In another biblical twist, Harlan's father found evidence that incriminated his son in the murder. He summoned police. In June 1995, a jury in Adams County found the defendant guilty of first-degree murder and kidnapping. After a sentencing hearing, the court ordered Harlan put to death. Colorado's Supreme Court at first affirmed.
The usual motions ensued. Among them was a motion to vacate the death sentence because of a juror's use of the Bible during the penalty phase. Eight years passed. Most of the defense motions died on the vine. Finally the court ordered a hearing on this one. Sure enough, it turned out that at least one juror had brought a Bible into the jury room. Some of the sequestered jurors had consulted a Bible in their hotel rooms the night before they voted.
They found guidance in Leviticus 24:16-21. There the Lord, speaking to Moses, repeatedly sanctions the death penalty. "Breach for breach, eye for eye, tooth for tooth: as he hath caused a blemish in a man, so shall it be done to him again. And he that killeth a man, he shall be put to death."
Several of the jurors went also to the New Testament, where they found guidance in Romans 13. Here Paul expounds the civil law of the empire and urges that it be obeyed. On the Saturday morning in Brighton, Colo., when they agreed unanimously upon a death sentence, the jurors first read and discussed the biblical passages.
That discussion in June 1995 was more than the trial court could tolerate in May 2003. After an extended hearing, the trial judge ruled that use of the biblical passages violated Harlan's right to have his sentence decided solely on the evidence and the law. Six months ago the Supreme Court of Colorado affirmed 3-2, with two justices abstaining. The effect was to vacate the death sentence and to replace it with life imprisonment instead.
Speaking for the majority, Justice Gregory Hobbs held that the jurors' use of the biblical texts constituted reversible misconduct. Exposure of a jury to influences "outside of the trial process itself" was improper.
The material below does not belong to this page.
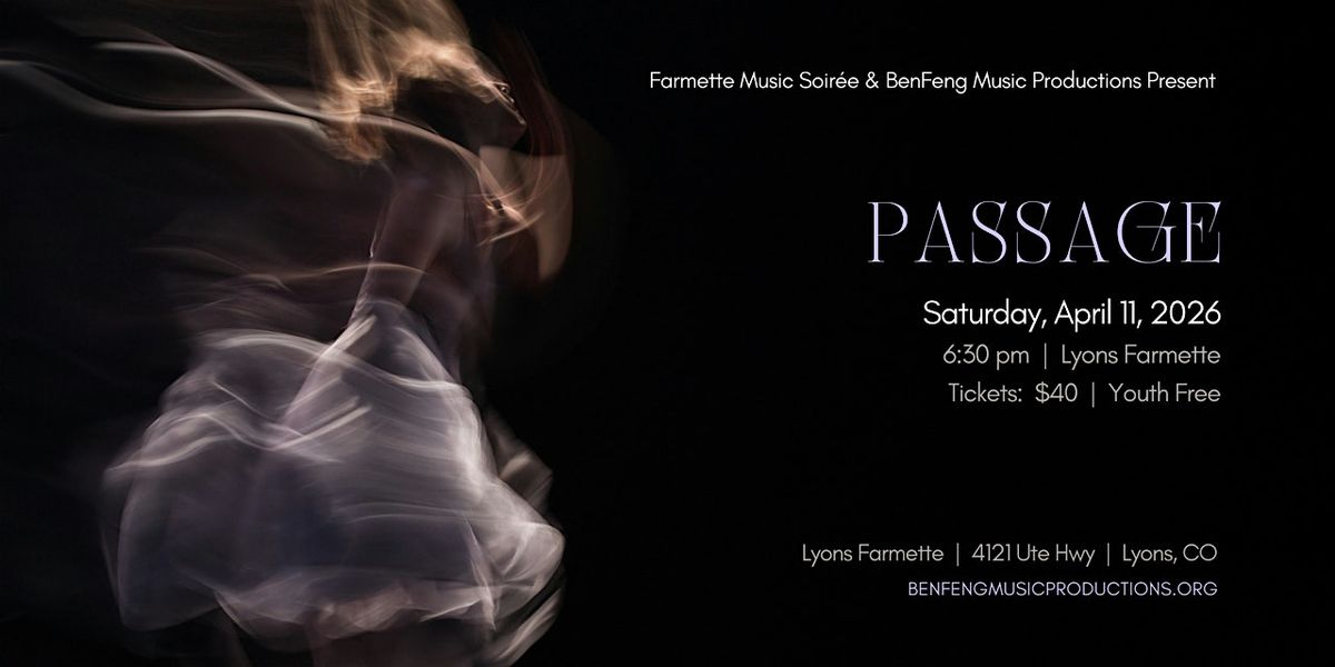 Lyons Farmette and BenFeng Music Productions present Passage, an honest dive into the beautiful, arduous, and revelatory journey from origin to becoming. Featuring an all-woman ensemble of dancers and musicians, the performance weaves together original choreography by Jen Campbell with the music of Antonio Vivaldi, Maurice Ravel, Ljova, and India Arie. Through a fusion of music, poetry, dance, and song, Passage explores how we navigate the exquisite transitions of life—finding light in darkness, joy in sorrow, and beauty in chaos. Inspired by the sentiment “I contain multitudes,” join us for an evening that celebrates the complexity of the human spirit.

The biblical materials "were neither admitted into evidence nor permitted by court instruction."
Hobbs added: "The Bible and other religious documents are considered codes of law by many in the contemporary communities from which Colorado jurors are drawn. ... The Leviticus text is written in the first-person voice of God and commands death as the punishment for murder. The Romans text instructs human beings to obey the civil government. ... Drawn from an array of typical jurors in Colorado, at least one juror in this case could have been influenced by these authoritative passages to vote for the death penalty when he or she may otherwise have voted for a life sentence."
Justice Hobbs emphasized that the court was not expelling God from the jury room. Indeed, "We expect jurors to bring their backgrounds and beliefs to bear on their deliberations but to give ultimate consideration only to the facts admitted and the law as instructed. ... We hold only that it was improper for a juror to bring the Bible into the jury room."
The questions raised in the Harlan case have divided lower appellate courts. Virginia's Supreme Court (and the federal 4th Circuit) have found no error in permitting jurors in capital punishment cases to consult the Bible. The supreme courts of Oklahoma, Kentucky, Tennessee, and now Colorado have indicated that a jury's use of a Bible may indeed be prejudicial. I don't understand why it was reversible error for jurors to read physically from a Bible, but would not have been error for a juror to quote Moses from memory. Let us pray.